Auch andere turkodeutsche Musiker nehmen langsam, aber sicher Anlauf, die deutschen und internationalen Charts mit Herz und Verstand zu erobern. Hierzu gehören unter anderem Rafet El Roman, Tugce San, Cartel, Aziza-A und allen voran Tarkan. Sie sind keine No-names mehr, die sich nur in der Türkei größter Beliebtheit erfreuen. Gemeinsam mit Sezen Aksu bildet Tarkan die Speerspitze des türkischen Mainstreampop.

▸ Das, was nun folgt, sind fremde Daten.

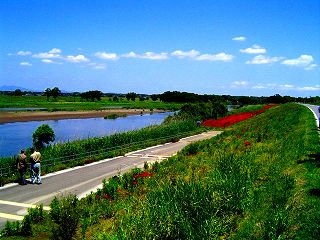 神社の横を抜け堤防をかけあがると河川敷に赤い花が群生しているのが見えた。ここがフラワーカナルらしい。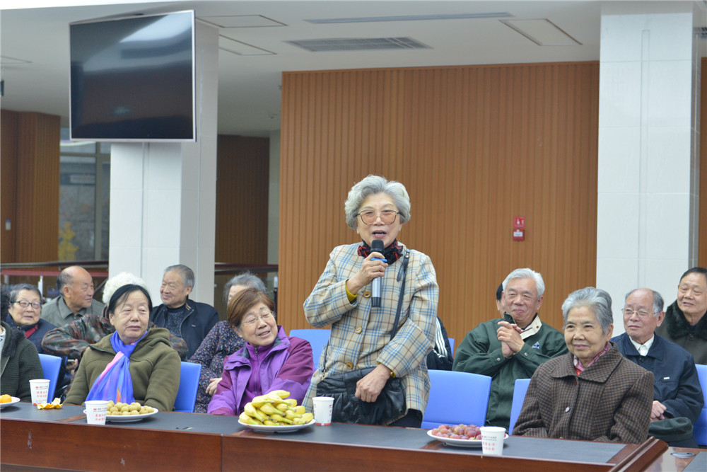 老干部們在座談會上爭相發(fā)言,熱情抒發(fā)自己激動喜悅的心情。首先代表發(fā)言的是老院長褚瀅,他祝愿在座的老同志身體健康,相約百年院慶時再聚首。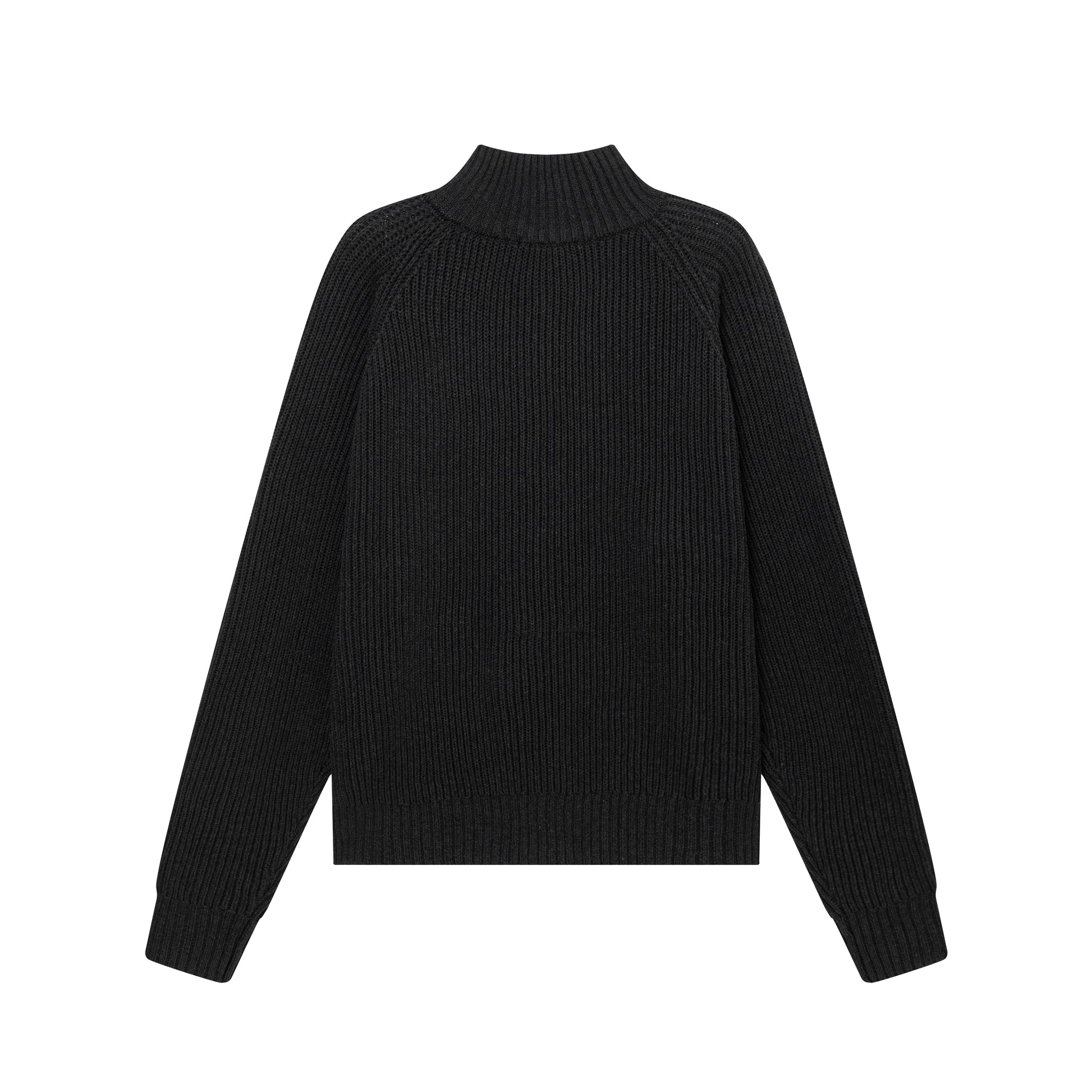コットン100%の為、化学繊維と比べ肌への刺激やストレスもなく着用できるラグランスリーブのハイネックニットです。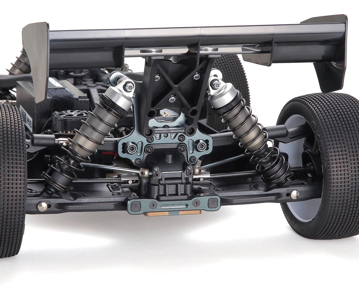 The MBX8R ECO uses updated narrow "C" and "D" pivot blocks with pivot inserts for increased tuneability. Longer box-shaped suspension arms can be paired with optional inserts allowing for suspension arm tuning. The molded rear uprights have CFRP plates to adjust the rear roll center.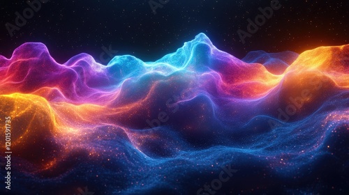Vibrant abstract landscape of glowing waves in neon colors, set against a starry night background

Diese spannende Entwicklung in der Popmusik ist an der Öffentlichkeit bisher fast spurlos vorbeigegangen: Die türkische Popmusik hat sich innerhalb der letzten Jahre, ignoriert von der deutschen Urbevölkerung, vom verschmähten Orientsound zu einem eigenständigen Dance-Pop entwickelt.

Seit Tarkan „im deutschen Radio“ oder bei Viva gespielt wird, ist die junge turkodeutsche Generation ein wenig stolzer. Parallel zur Konjunktur des türkischen Pop schließen sich in deutschen Großstädten mehr und mehr türkische Bands bei Independent Labels zusammen, Gruppen, die sich musikalisch meist am amerikanischen HipHop orientieren und dessen Lebensstil nacheifern. Kurzum: Die Enkel und Urenkel der „Gastarbeiter“ etablieren sich inzwischen in den deutschen und internationalen Charts. Nun erreicht die neue deutschtürkische Welle sogar Israel. Viel Glück Sürpriz! Bol sanslar Sürpriz! Cem Özdemir

Der Autor ist Schwabe, seine Eltern sind türkischer Herkunft. Özdemir ist Bundestagsabgeordneter der Grünen und deren innenpolitischer Sprecher.